Comércio passa a ter acesso às linhas de crédito de três mil milhões de euros a partir de quarta-feira

A partir desta quarta-feira, as linhas de crédito de três mil milhões de euros serão abertas a mais setores, incluindo ao comércio. Apoios vão ser sucessivamente aumentados, garantiu Governo.

Depois de a Comissão Europeia ter dado “luz verde” a apoios de 13 mil milhões de euros a empresas em Portugal, o Executivo de António Costa decidiu alargar o acesso às já disponíveis linhas de crédito de três mil milhões de euros a outros setores, nomeadamente ao comércio e aos serviços. Isto já a partir desta quarta-feira, garantiu o ministro da Economia, à saída da reunião de Concertação Social. Estas linhas serão “posteriormente aumentadas”, adiantou Siza Vieira.

“O Governo pediu um alargamento do valor das linhas de crédito e dos setores que podem ser abrangidos por linhas de crédito com garantias de Estado. No domingo, a Comissão Europeia aprovou e divulgou que tinha dado autorização para um valor total de linhas com garantia de Estado de cerca de 13 mil milhões de euros. Portanto, o Governo decidiu que vai, já a partir de quarta-feira, passar a ter acessível a empresas de outros setores de atividade as linhas já disponibilizadas.
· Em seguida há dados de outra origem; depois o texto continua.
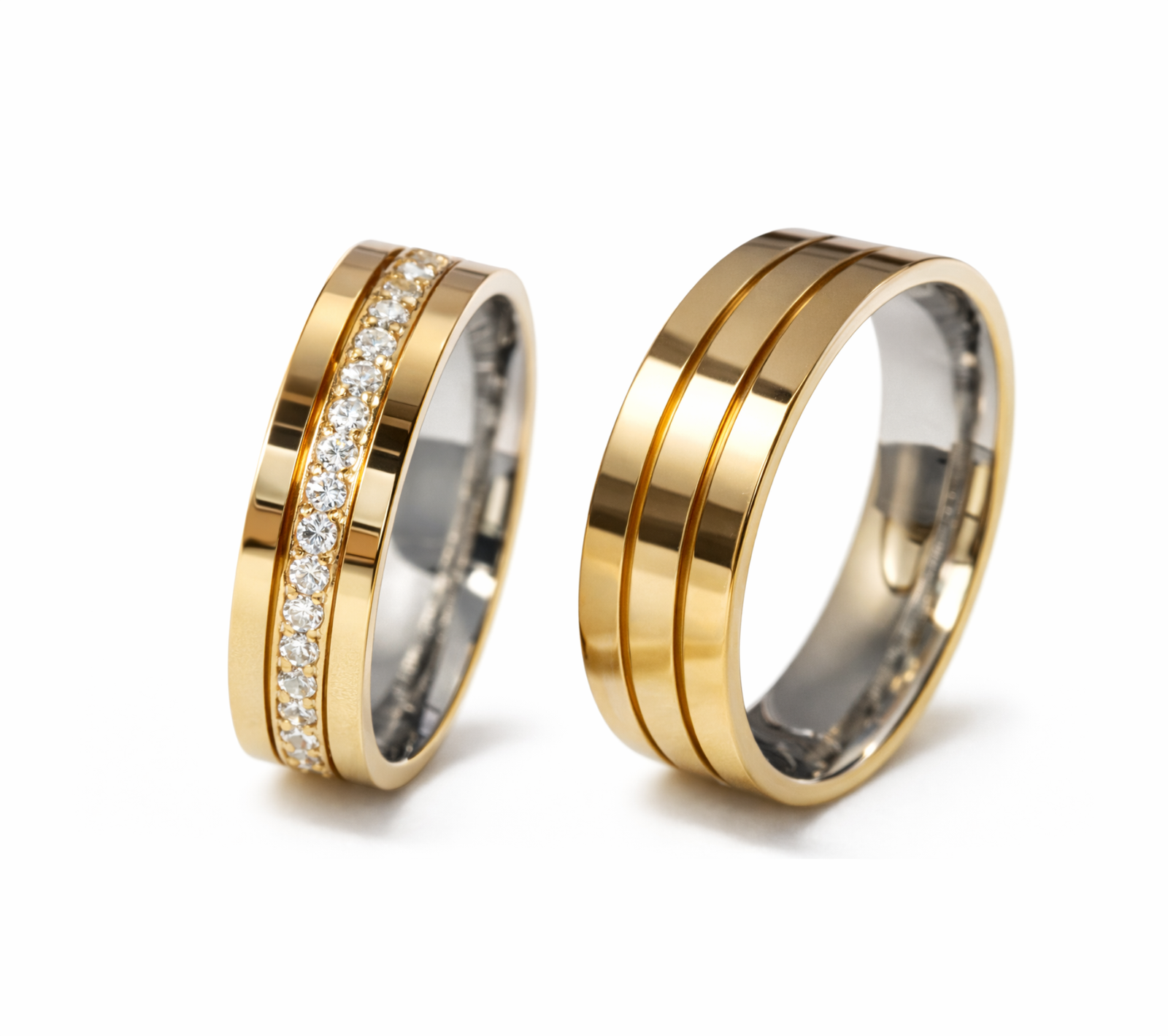 Um par de alianças que combina sofisticação e brilho na medida certa. O design com frisos paralelos e a cravação central trazem um visual elegante e atemporal, ideal para quem busca um símbolo de união com presença, estilo e acabamento refinado.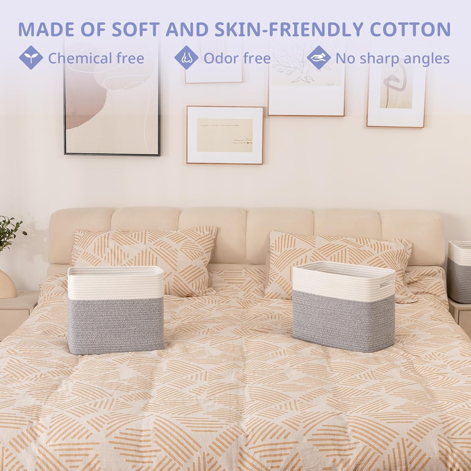 - 100% Cotton Rope Storage Baskets:OIAHOMY storage bins are made of high-quality natural cotton, chemical free and safe for kids and pets. It will not scratch your furniture and floor and more firm than plastic basket

Ou seja, às empresas do comércio e serviços, do setor dos transportes de mercadorias e de passageiros”, anunciou o ministro da Economia, em declarações aos jornalistas, esta segunda-feira.

Pedro Siza Vieira avançou, por outro lado, que o Executivo espera alargar o valor dessas linhas que já estão no mercado, já na próxima semana, dedicando especial atenção ao setor do comércio e serviços. “Como o Governo tinha dito, é a intenção de, particularmente para o setor do comércio e serviços — que foi mais afetado pelas medidas de encerramento de atividade –, reservar pelo menos um valor de 1.200 milhões euros“, acrescentou o governante.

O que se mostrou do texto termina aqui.